**WORK ORDER:**
What the response needs is every record, repeated verbatim, and no images.
[[ INPUT, beginning ]]
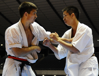 学生男子中量級で優勝したロシアのオトプコフ・エフゲニー(左)
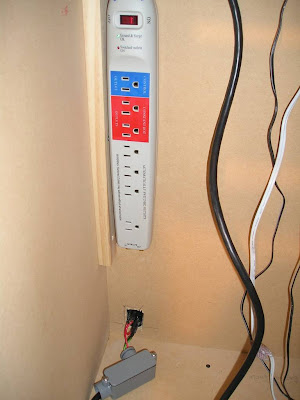 Finally, here are some shots of the inside - as you can see it's quite a mess. I mounted the Smart Strip on the inside of the cabinet - it's ready for the computer! I also used some velcro to hold the plastic box containing the wire hack against the side panel.
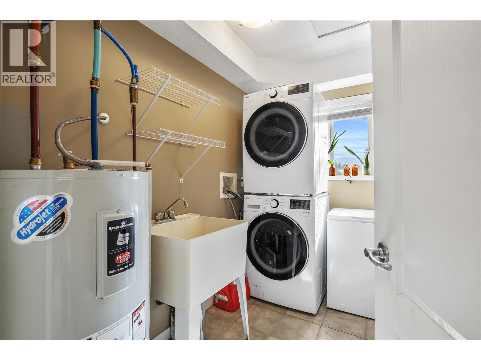 Welcome to Franklyn Central — a TOP FLOOR, corner two-bedroom suite with 2 SIDE BY SIDE PARKING STALLS & storage locker, that pairs affordability with standout practicality in one of Kelowna’s most central pockets. Enter from the foyer into a bright, inviting living room that opens onto a generous balcony accessible from both the living room and the primary bedroom — a calm spot for morning coffee overlooking peaceful green space. The kitchen is a pleasure to cook in, fitted with stainless steel appliances, shaker cabinetry and a smart layout that makes meal prep easy, sociable and enjoyable. The primary suite offers a large walk-in closet, and en suite. Practical living is elevated by a well-designed laundry/utility mudroom complete with a utility sink, stacked washer/dryer— an ideal workspace for laundry and outdoor gear. Corner exposure and top-floor placement deliver extra natural light, added privacy and a quieter outlook. The building welcomes residents of all ages, and 1 pet permitted with restrictions. Steps to Ben Lee Park, neighbourhood shopping, transit and everyday conveniences, all comfortably within walking distance make this budget-friendly unit perfect for buyers who prize effortless, walkable living, while prioritizing top-floor corner privacy and the tangible advantage of two parking stalls. (id:62999)
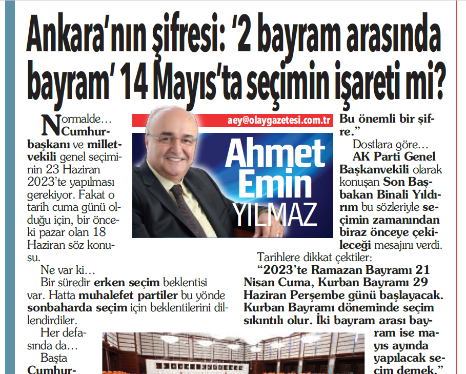 18 Temmuz 2022 günü… “Ankara’nın şifresi: ‘2 bayram arasında bayram’ 14 Mayıs’ta seçimin işareti mi?” başlıklı yazımızda Ankara kulislerini aktardığımızda gündemde böyle bir konu yoktu.
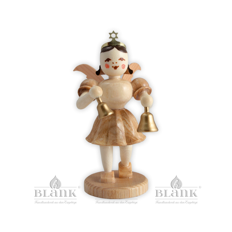 This little angel with the unique pleated skirt from BLANK Kunsthandwerk holds fine golden bells in his hands. He accompanies the large angel orchestra, which is elaborately handcrafted in our angel workshop in the Erzgebirge. The natural-coloured figure is made from various local woods and is put together in approx. 135 steps with great attention to detail. Finally, painters give the angel a friendly expression so that he can enchant everyone alone or in an ensemble.
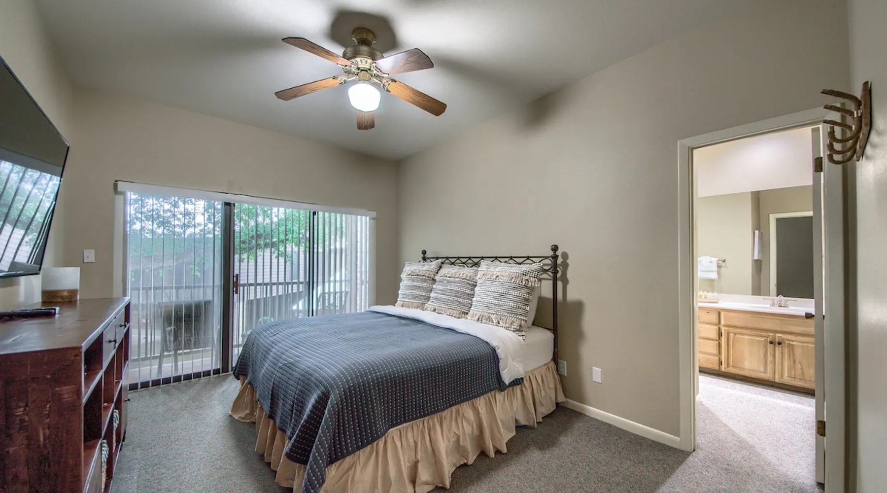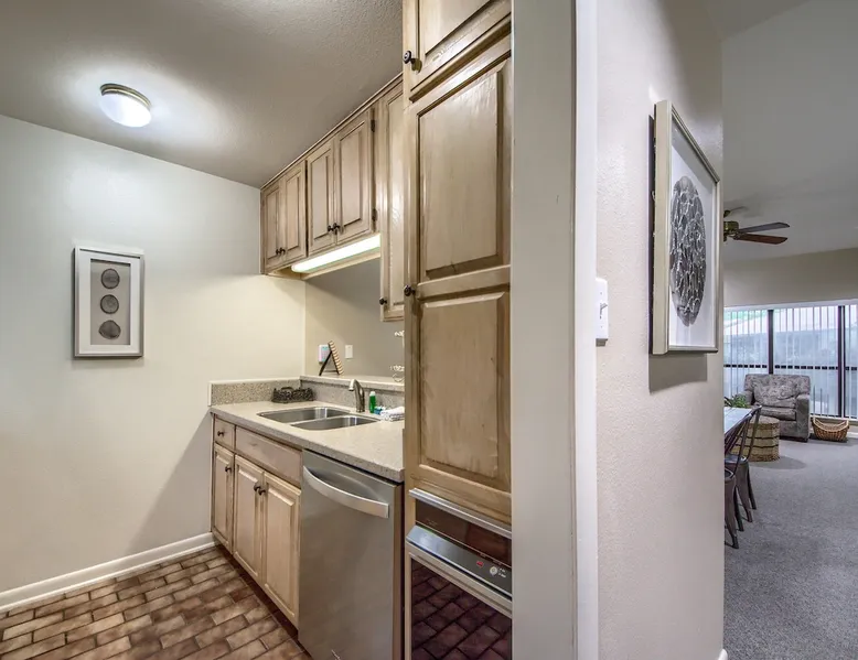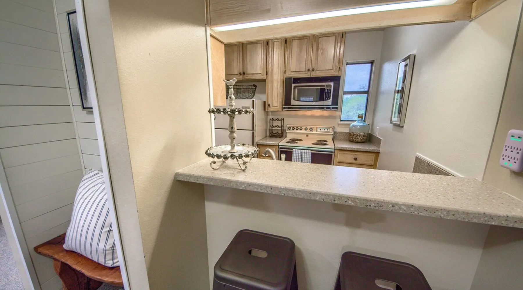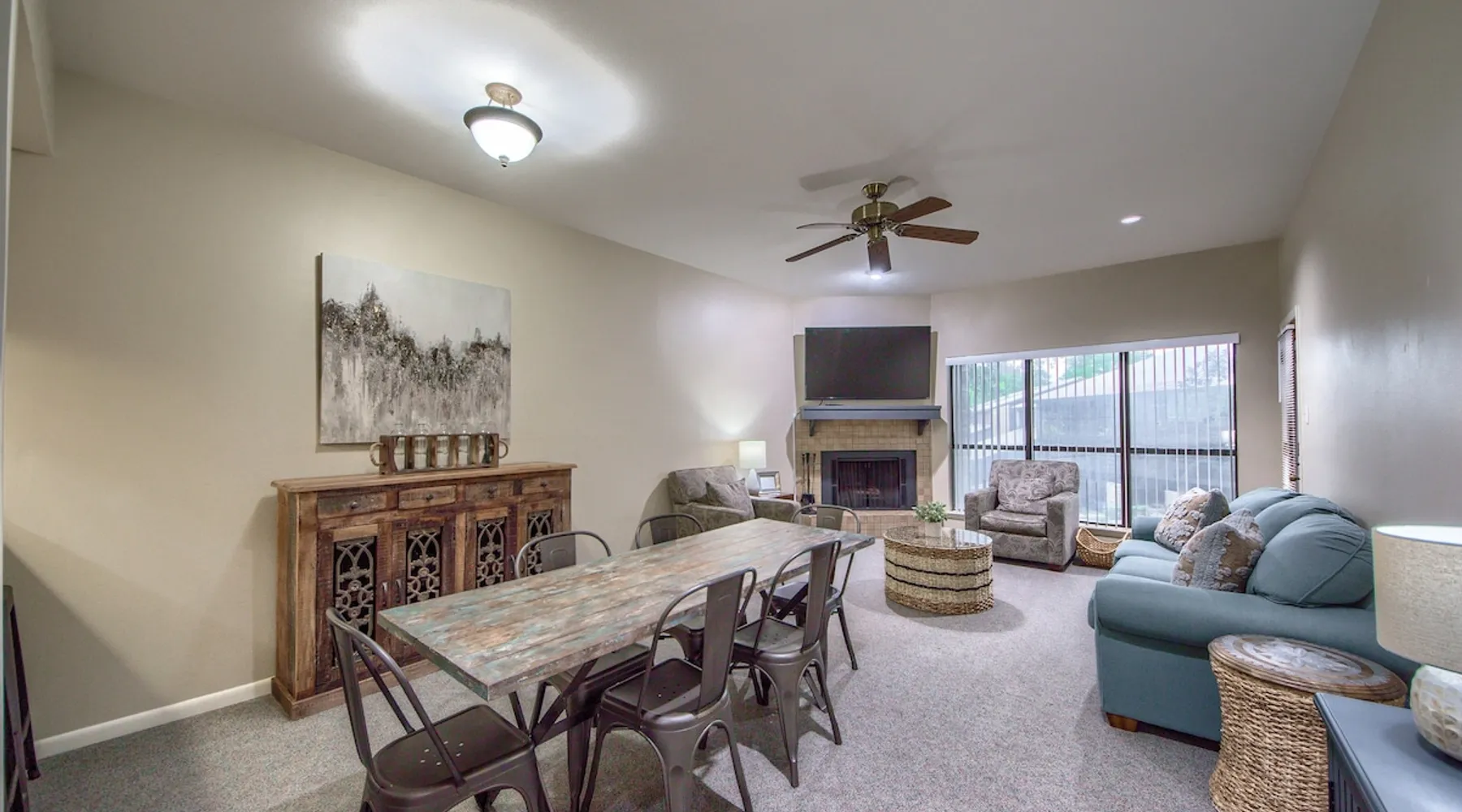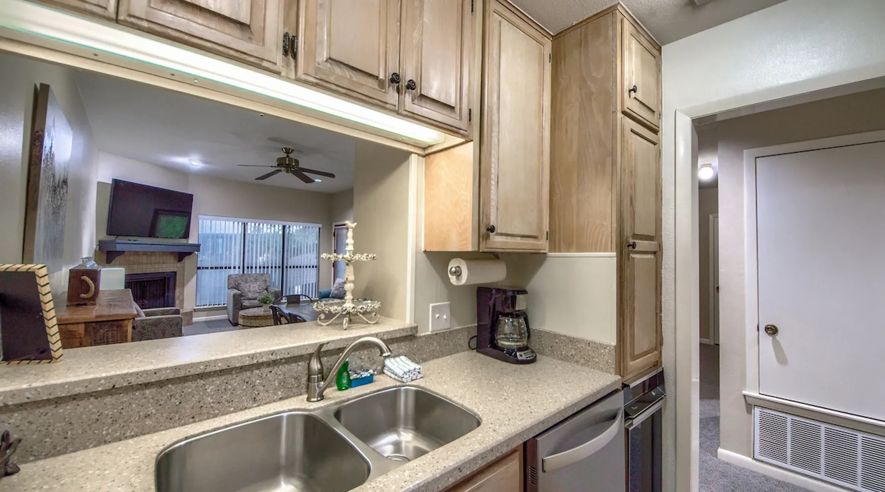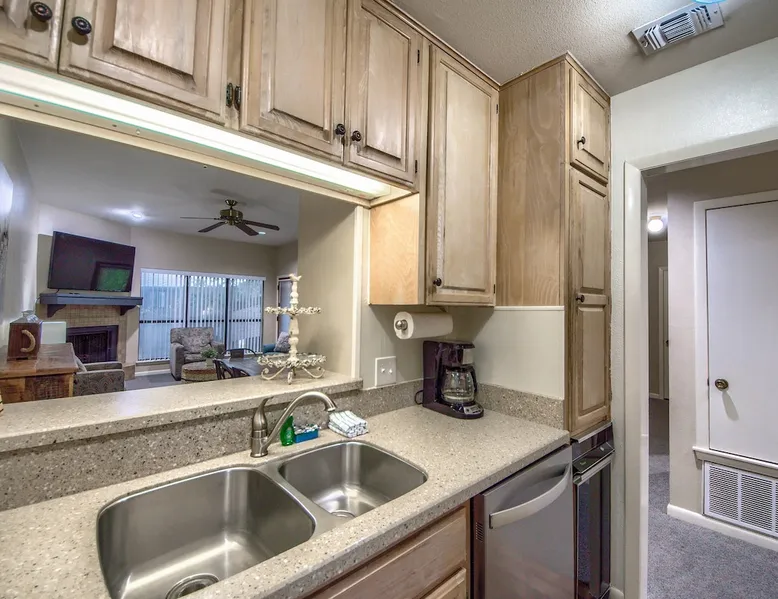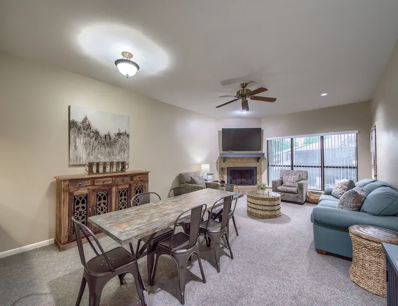 2/2 condo. Sleeps 8. Master: King. 2nd bedroom: 2 Queens. Living Room: Sofa Sleeper. No Pets Allowed. MUST BE 25 TO RENT. Renter's ID and Credit Card must be presented at check in or via email. The space Beautiful 2 bedroom, 2 bath condo at Camp Warnecke Estates is just steps from the Comal River and right across the street from Schlitterbahn! The open living room/dining room is a great place to relax after a day on the River with it’s beautiful fireplace and flat screen TV. Enjoy a cup of coffee in the morning sitting in the cozy bar stools or out on the patio, enjoying a great view of the beautiful pool and hot tub area! The dining table has seating for 6 and the bar has seating for 2. The cozy kitchen is equipped with all the basics you will need to cook breakfast, lunch and dinner. The master bedroom has a king size bed, a TV and has patio access as well! The spacious master bathroom has everything you need to get ready! Enjoy the beautiful shower or take a long relaxing bath in the separate bathtub. The second bedroom also has two cozy Queen beds and is just down the hall from the second spacious bathroom with a shower/tub combo. There is a sofa sleeper in the living room and a washer and dryer in the unit. Accommodates 8 people very comfortably. All bedrooms and bathrooms come stocked with high quality linens. Enjoy walking down to the Comal River with private river access for guests or swim in the pool and hot tub! Visit Gruene or downtown New Braunfels for shopping, restaurants and live music. River’s Edge is an amazing place to enjoy your trip to New Braunfels! Rockin' R is a local tube outfitter which can pick up in the parking lot next to Camp Warnecke between Memorial Day and Labor Day. For any reservation outside of that time period, the Rockin' R shop is located only .5 miles away. Only two parking passes provided with one guaranteed numbered spot. The second parking pass is for general parking and is 'first come first served.' This condo is on the ground floor, however as soon as you enter the condo you must walk up a flight of stairs. Host must be 25 years of age or older to make a reservation and must be staying at the property. No pets allowed. Guests will be allowed 2 vehicles on premise with parking passes and 8 wristbands (max amount allowed). This condo has a maximum occupancy of 8 guests. This maximum occupancy is not to be exceeded at any time. No daytime guests allowed. No RV’s or trailers. **WRISTBANDS & PARKING PASSES REQUIRED*** These condos are individually owned and the owners graciously allow their "second homes" to be rented out and enjoyed! The HOA of the complex had laid out some policies to ensure everyone staying at the complex can have a wonderful time. Because of the fabulous location, we can have trouble with trespassers. The security guards on premise are there to ensure only renters are using the grounds and that guests are parking in the correct parking spaces. Please do not be offended by the wristband and parking pass policies, they are really there to ensure that you have a fabulous time! To comply with city and county short-term rental permit restrictions, the outdoor areas of this home are monitored by video camera. This property includes accidental damage protection up to $1500. WINTER MONTHLY RENTALS - if you are interested in renting monthly in the winter months, please contact New Braunfels Escapes for pricing details. This property is $1900 per month. ***Although every effort has been made by New Braunfels Escapes to ensure the accuracy of the information in this site, it is not guaranteed. It is subject to errors, omissions, change of price, change of house contents and/or features or withdrawal without notice. Starter pack of amenities is provided until you are able to get to the store. No perishables (including salt and pepper) are provided.***
[[ INPUT, end ]]
**SOLUTION TO THE PROBLEM:**
 学生男子中量級で優勝したロシアのオトプコフ・エフゲニー(左)
 Finally, here are some shots of the inside - as you can see it's quite a mess. I mounted the Smart Strip on the inside of the cabinet - it's ready for the computer! I also used some velcro to hold the plastic box containing the wire hack against the side panel.
 Welcome to Franklyn Central — a TOP FLOOR, corner two-bedroom suite with 2 SIDE BY SIDE PARKING STALLS & storage locker, that pairs affordability with standout practicality in one of Kelowna’s most central pockets. Enter from the foyer into a bright, inviting living room that opens onto a generous balcony accessible from both the living room and the primary bedroom — a calm spot for morning coffee overlooking peaceful green space. The kitchen is a pleasure to cook in, fitted with stainless steel appliances, shaker cabinetry and a smart layout that makes meal prep easy, sociable and enjoyable. The primary suite offers a large walk-in closet, and en suite. Practical living is elevated by a well-designed laundry/utility mudroom complete with a utility sink, stacked washer/dryer— an ideal workspace for laundry and outdoor gear. Corner exposure and top-floor placement deliver extra natural light, added privacy and a quieter outlook. The building welcomes residents of all ages, and 1 pet permitted with restrictions. Steps to Ben Lee Park, neighbourhood shopping, transit and everyday conveniences, all comfortably within walking distance make this budget-friendly unit perfect for buyers who prize effortless, walkable living, while prioritizing top-floor corner privacy and the tangible advantage of two parking stalls. (id:62999)
 18 Temmuz 2022 günü… “Ankara’nın şifresi: ‘2 bayram arasında bayram’ 14 Mayıs’ta seçimin işareti mi?” başlıklı yazımızda Ankara kulislerini aktardığımızda gündemde böyle bir konu yoktu.
 This little angel with the unique pleated skirt from BLANK Kunsthandwerk holds fine golden bells in his hands. He accompanies the large angel orchestra, which is elaborately handcrafted in our angel workshop in the Erzgebirge. The natural-coloured figure is made from various local woods and is put together in approx. 135 steps with great attention to detail. Finally, painters give the angel a friendly expression so that he can enchant everyone alone or in an ensemble.
 2/2 condo. Sleeps 8. Master: King. 2nd bedroom: 2 Queens. Living Room: Sofa Sleeper. No Pets Allowed. MUST BE 25 TO RENT. Renter's ID and Credit Card must be presented at check in or via email. The space Beautiful 2 bedroom, 2 bath condo at Camp Warnecke Estates is just steps from the Comal River and right across the street from Schlitterbahn! The open living room/dining room is a great place to relax after a day on the River with it’s beautiful fireplace and flat screen TV. Enjoy a cup of coffee in the morning sitting in the cozy bar stools or out on the patio, enjoying a great view of the beautiful pool and hot tub area! The dining table has seating for 6 and the bar has seating for 2. The cozy kitchen is equipped with all the basics you will need to cook breakfast, lunch and dinner. The master bedroom has a king size bed, a TV and has patio access as well! The spacious master bathroom has everything you need to get ready! Enjoy the beautiful shower or take a long relaxing bath in the separate bathtub. The second bedroom also has two cozy Queen beds and is just down the hall from the second spacious bathroom with a shower/tub combo. There is a sofa sleeper in the living room and a washer and dryer in the unit. Accommodates 8 people very comfortably. All bedrooms and bathrooms come stocked with high quality linens. Enjoy walking down to the Comal River with private river access for guests or swim in the pool and hot tub! Visit Gruene or downtown New Braunfels for shopping, restaurants and live music. River’s Edge is an amazing place to enjoy your trip to New Braunfels! Rockin' R is a local tube outfitter which can pick up in the parking lot next to Camp Warnecke between Memorial Day and Labor Day. For any reservation outside of that time period, the Rockin' R shop is located only .5 miles away. Only two parking passes provided with one guaranteed numbered spot. The second parking pass is for general parking and is 'first come first served.' This condo is on the ground floor, however as soon as you enter the condo you must walk up a flight of stairs. Host must be 25 years of age or older to make a reservation and must be staying at the property. No pets allowed. Guests will be allowed 2 vehicles on premise with parking passes and 8 wristbands (max amount allowed). This condo has a maximum occupancy of 8 guests. This maximum occupancy is not to be exceeded at any time. No daytime guests allowed. No RV’s or trailers. **WRISTBANDS & PARKING PASSES REQUIRED*** These condos are individually owned and the owners graciously allow their "second homes" to be rented out and enjoyed! The HOA of the complex had laid out some policies to ensure everyone staying at the complex can have a wonderful time. Because of the fabulous location, we can have trouble with trespassers. The security guards on premise are there to ensure only renters are using the grounds and that guests are parking in the correct parking spaces. Please do not be offended by the wristband and parking pass policies, they are really there to ensure that you have a fabulous time! To comply with city and county short-term rental permit restrictions, the outdoor areas of this home are monitored by video camera. This property includes accidental damage protection up to $1500. WINTER MONTHLY RENTALS - if you are interested in renting monthly in the winter months, please contact New Braunfels Escapes for pricing details. This property is $1900 per month. ***Although every effort has been made by New Braunfels Escapes to ensure the accuracy of the information in this site, it is not guaranteed. It is subject to errors, omissions, change of price, change of house contents and/or features or withdrawal without notice. Starter pack of amenities is provided until you are able to get to the store. No perishables (including salt and pepper) are provided.***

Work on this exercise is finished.